Thursday, April 26, 2018

Enby Distribution, pt. 6: Accuracy of Enby W% Estimate

In the last post, I demonstrated how one can estimate W% from any runs per game and runs per inning distribution by using the basic principles of how baseball games are decided. This model is simple conceptually, but a bear to implement computationally when compared to the other W% estimators that have been developed by sabermetricians over the last fifty years. As such, it is not a practical tool to use for common sabermetric applications of a winning percentage estimator. If you want to know how many games a team that scores 828 runs and allows 753 runs in a season can expect to win, there are any number of formulas that are better practical options than Enby.

However, it is important to verify that Enby is able to hold its own when estimating W% for normal teams. If it does not work as well as our other tools for normal situations, it will be harder to put any stock in its results when looking at extreme situations.

To check if Enby was up to the challenge, I performed a limited accuracy test based on 1996-2006 data (a sample of 326 teams). This was in no way intended to be a comprehensive accuracy test, but rather one with a sufficiently large sample to determine if Enby can predict normal teams with comparable accuracy to other approaches.

Since I have only calculated Enby distribution parameters at intervals of .05 RG, I rounded all team’s R/G and RA/G to the nearest .05 and used these figures as the inputs for all of the estimators. This ensured that they were all on equal footing, rather than Enby only having some imprecision in terms of the actual R and RA counts. In addition to Enby, I tested four other estimators:

* A simple assumption of 10 RPW
* Tango’s formula that varies RPW by RPG (runs per game for both teams): RPW = .75*RPG + 3. This formula (or at least something very close to it) can be derived by using Pythagenpat.
* Pythagorean with a fixed exponent of 1.83
* Pythagenpat using x = RPG^.28

The resulting RMSE for each estimator (W% RMSE multiplied by 162 for ease of interpretation):

The three methods which allow the relationship between runs and wins to vary by scoring context (either by explicitly changing the RPW factor or Pythagorean exponent, or by estimating the scoring distribution as Enby does) come out on top. The linear RPW formula wins here, although the best performer would be Pythagenpat with x = RPG^.29, edging it out at a 3.850 RMSE. Of course, we could also find the coefficients in Tango’s RPW formula that minimize error, and quite possibly push that method back ahead of Pythagenpat.

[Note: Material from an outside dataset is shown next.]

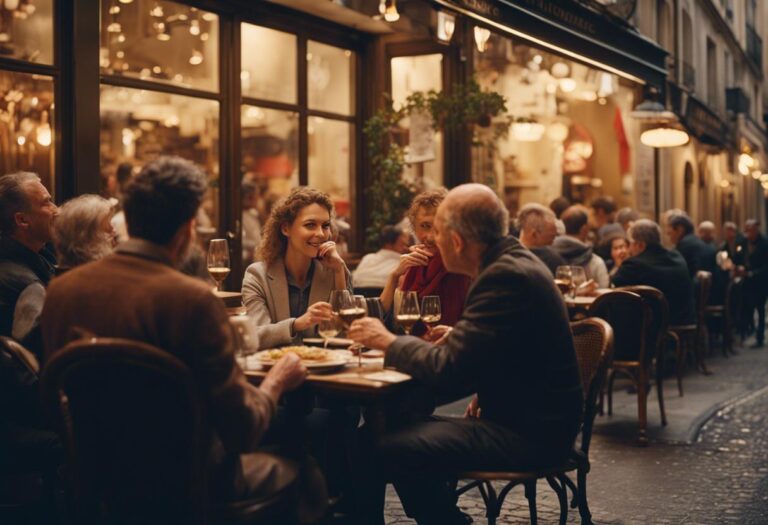 Chez Lucette se distingue de loin, telle un phare culinaire, avec ses longs stores à rayures rouges et blanches. À l’intérieur, on tombe sur un décor qui évoque une époque que seuls ceux qui ont plus de 80 ans peuvent connaître : des banquettes rétro, des nappes à carreaux, des bouquets d’abat-jour à franges suspendus aux hauts plafonds. De vieilles valises sont dispersées ici et là, tandis que des serveurs habillés de costumes sombres, avec nœud papillon et tablier, se déplacent entre les tables, renforçant l’illusion d’un hall de gare du début du siècle précédent.

In any event, the three formulas allowing for customization are close enough that we can safely conclude that none is grossly deficient for the task of estimating W% for normal teams. That means that Enby has passed the first hurdle towards being taken seriously as a model for W% based on average runs scored and allowed.

I also thought it would be interesting to test the RMSE of using each W% estimator to predict Pythagenpat. This is obviously a biased approach, assuming that Pythagenpat is the standard by which other estimators should be compared. The real reason to do this is to see how closely Enby tracks Pythagenpat with normal teams, since Pythagenpat is the closest W% estimator in theory to Enby. Both attempt to dynamically model the relationship between runs and wins; the other approaches, even the dynamic RPW estimator, assume that there is a fixed relationship between runs and wins. We should expect Pythagenpat and Enby to be in general agreement. And they are (RMSE once again multiplied by 162):

Enby and Pythagenpat are essentially in lockstep. In fact, the largest discrepancy between the two is for 2002 Braves, who scored 4.40 and allowed 3.50 runs per game (rounded). Pythagenpat expects that such a team would have a W% of .6007, while Enby predicts a .5997 W%, a difference of .15 wins over the course of a season.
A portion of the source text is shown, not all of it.